-- Information shown --
---*---

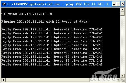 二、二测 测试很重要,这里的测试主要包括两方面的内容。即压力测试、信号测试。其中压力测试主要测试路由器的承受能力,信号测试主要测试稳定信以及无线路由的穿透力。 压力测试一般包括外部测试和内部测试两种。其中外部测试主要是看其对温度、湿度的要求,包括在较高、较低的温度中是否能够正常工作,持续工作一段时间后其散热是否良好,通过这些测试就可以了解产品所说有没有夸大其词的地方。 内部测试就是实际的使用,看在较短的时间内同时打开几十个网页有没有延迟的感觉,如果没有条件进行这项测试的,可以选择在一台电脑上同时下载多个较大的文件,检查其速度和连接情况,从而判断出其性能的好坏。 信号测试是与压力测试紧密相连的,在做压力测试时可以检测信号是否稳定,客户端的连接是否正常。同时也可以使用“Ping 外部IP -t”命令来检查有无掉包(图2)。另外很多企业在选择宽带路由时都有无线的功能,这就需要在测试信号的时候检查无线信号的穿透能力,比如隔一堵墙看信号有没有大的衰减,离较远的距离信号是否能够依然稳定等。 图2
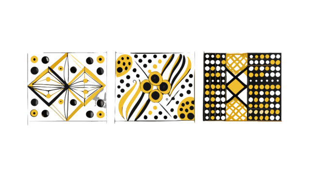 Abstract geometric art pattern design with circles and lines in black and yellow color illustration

---*---

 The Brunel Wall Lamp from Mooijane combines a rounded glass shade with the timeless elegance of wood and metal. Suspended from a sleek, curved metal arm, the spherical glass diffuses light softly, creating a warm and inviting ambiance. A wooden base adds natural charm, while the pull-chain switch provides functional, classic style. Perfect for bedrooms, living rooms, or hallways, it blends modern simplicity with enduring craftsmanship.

---*---

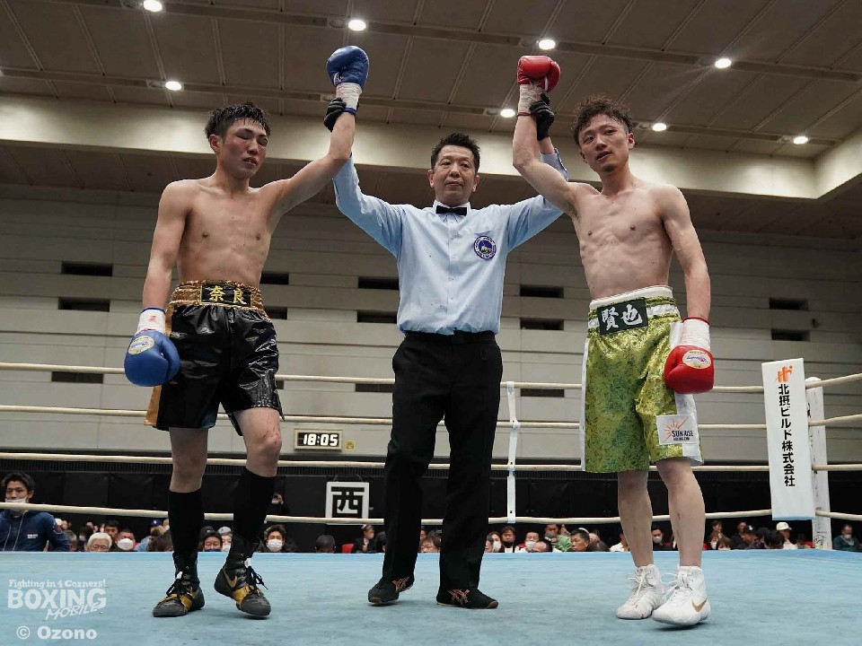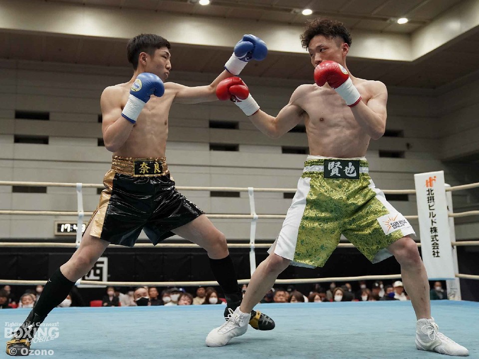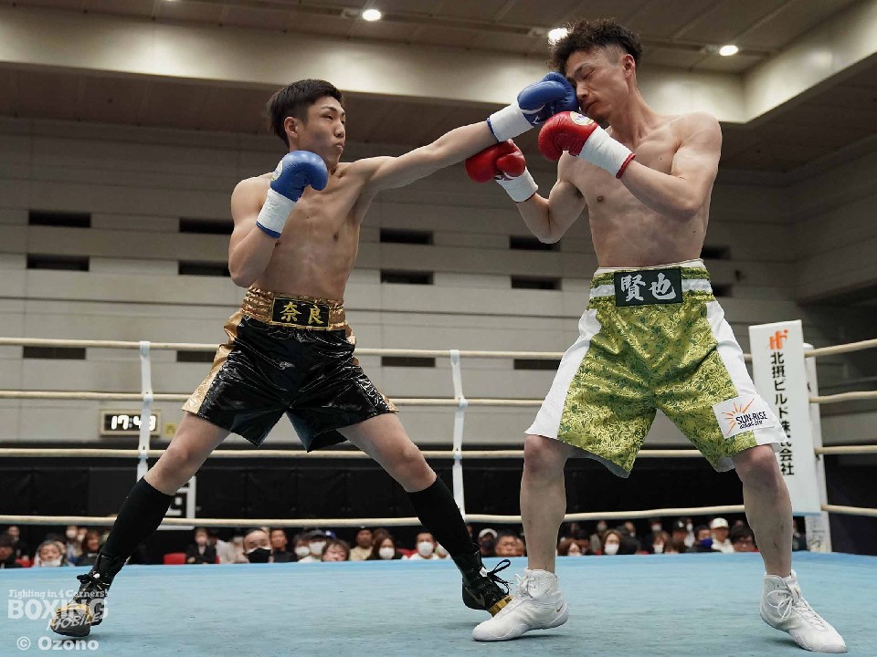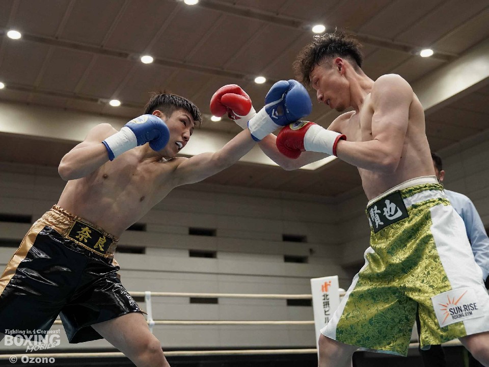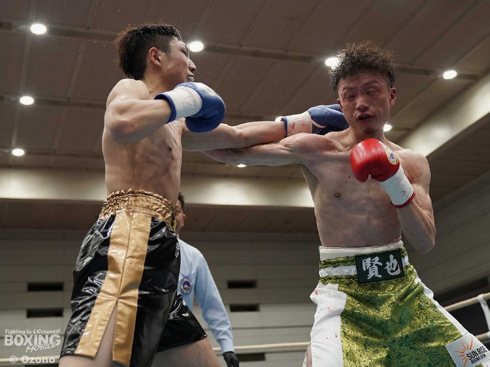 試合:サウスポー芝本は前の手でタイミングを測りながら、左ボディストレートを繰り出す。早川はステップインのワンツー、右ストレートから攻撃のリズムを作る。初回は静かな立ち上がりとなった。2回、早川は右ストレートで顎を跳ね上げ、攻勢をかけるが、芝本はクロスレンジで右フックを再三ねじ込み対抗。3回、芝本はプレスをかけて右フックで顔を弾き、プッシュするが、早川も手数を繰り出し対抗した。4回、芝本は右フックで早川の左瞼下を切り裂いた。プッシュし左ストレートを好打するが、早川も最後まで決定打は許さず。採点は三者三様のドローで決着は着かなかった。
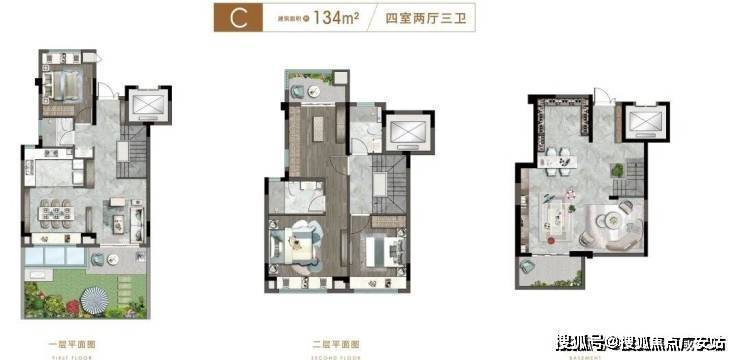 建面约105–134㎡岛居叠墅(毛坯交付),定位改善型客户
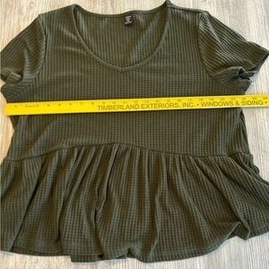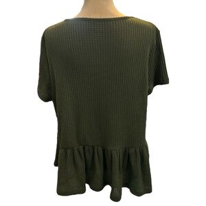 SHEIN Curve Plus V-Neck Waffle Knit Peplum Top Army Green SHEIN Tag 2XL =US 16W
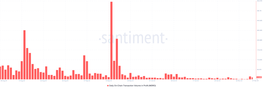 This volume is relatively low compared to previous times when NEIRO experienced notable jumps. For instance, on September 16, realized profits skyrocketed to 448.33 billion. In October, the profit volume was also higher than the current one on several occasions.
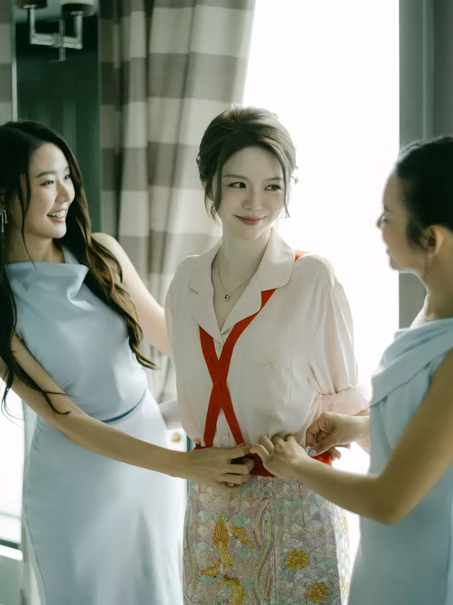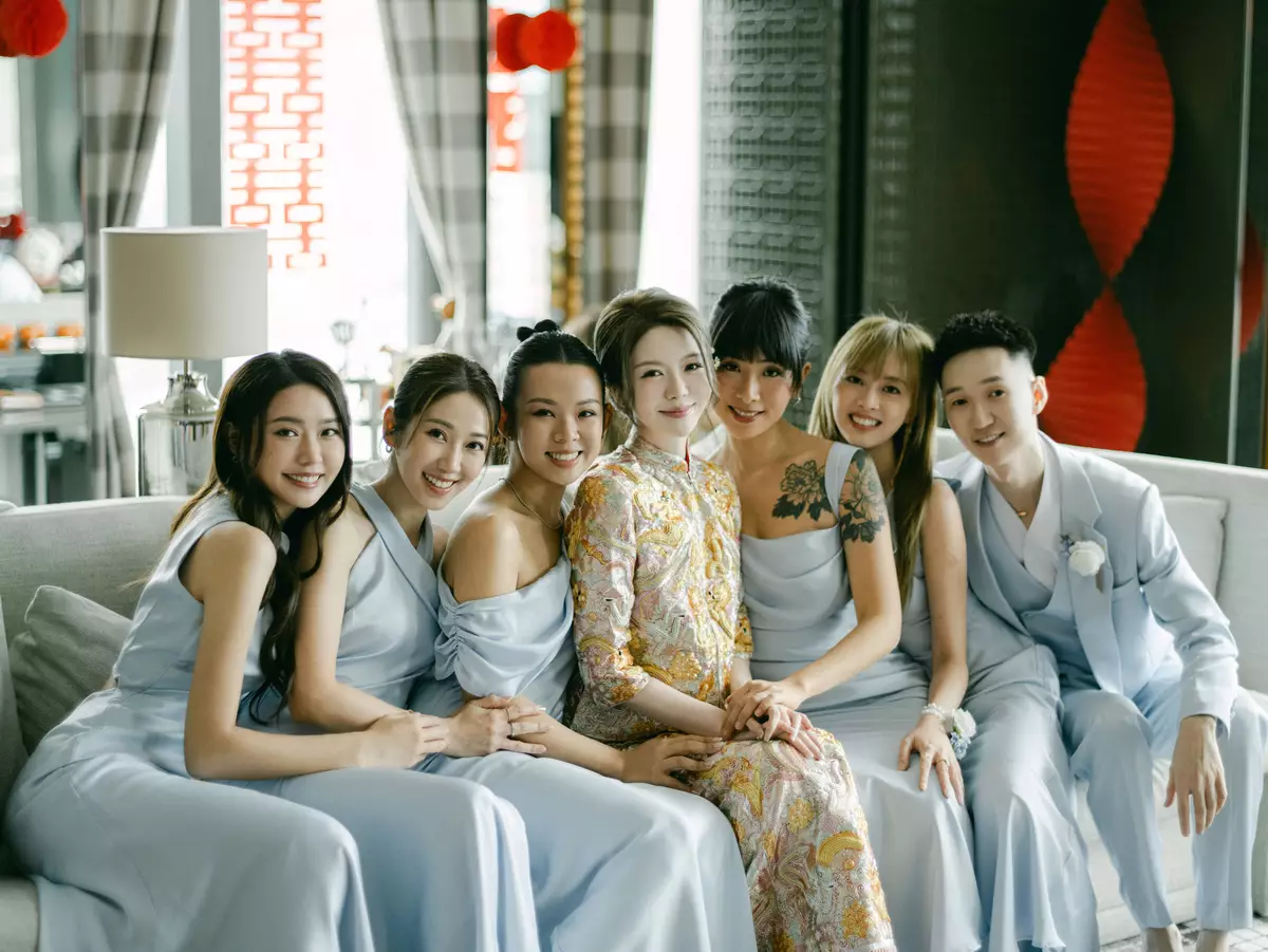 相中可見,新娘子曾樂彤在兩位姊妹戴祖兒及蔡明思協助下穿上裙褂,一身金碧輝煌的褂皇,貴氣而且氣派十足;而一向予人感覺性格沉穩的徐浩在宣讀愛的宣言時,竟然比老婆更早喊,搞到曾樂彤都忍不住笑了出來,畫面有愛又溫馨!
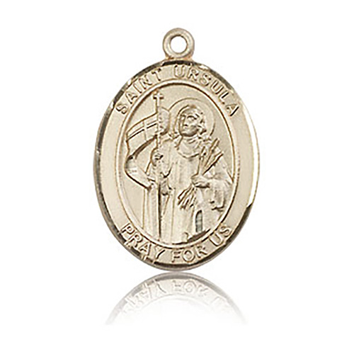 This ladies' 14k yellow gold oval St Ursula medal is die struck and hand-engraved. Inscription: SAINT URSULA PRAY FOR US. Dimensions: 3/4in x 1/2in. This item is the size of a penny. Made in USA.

---*---

-- Task statement --
When you reach the line that has "試合:サウスポー芝本は前の手" in the data above, start repeating lines exactly, and stop after the line that has "建面约105–134㎡岛居叠墅(毛坯交付),定位改善型客户"; pictures stay out.

-- Output of the exercise --
 試合:サウスポー芝本は前の手でタイミングを測りながら、左ボディストレートを繰り出す。早川はステップインのワンツー、右ストレートから攻撃のリズムを作る。初回は静かな立ち上がりとなった。2回、早川は右ストレートで顎を跳ね上げ、攻勢をかけるが、芝本はクロスレンジで右フックを再三ねじ込み対抗。3回、芝本はプレスをかけて右フックで顔を弾き、プッシュするが、早川も手数を繰り出し対抗した。4回、芝本は右フックで早川の左瞼下を切り裂いた。プッシュし左ストレートを好打するが、早川も最後まで決定打は許さず。採点は三者三様のドローで決着は着かなかった。
 建面约105–134㎡岛居叠墅(毛坯交付),定位改善型客户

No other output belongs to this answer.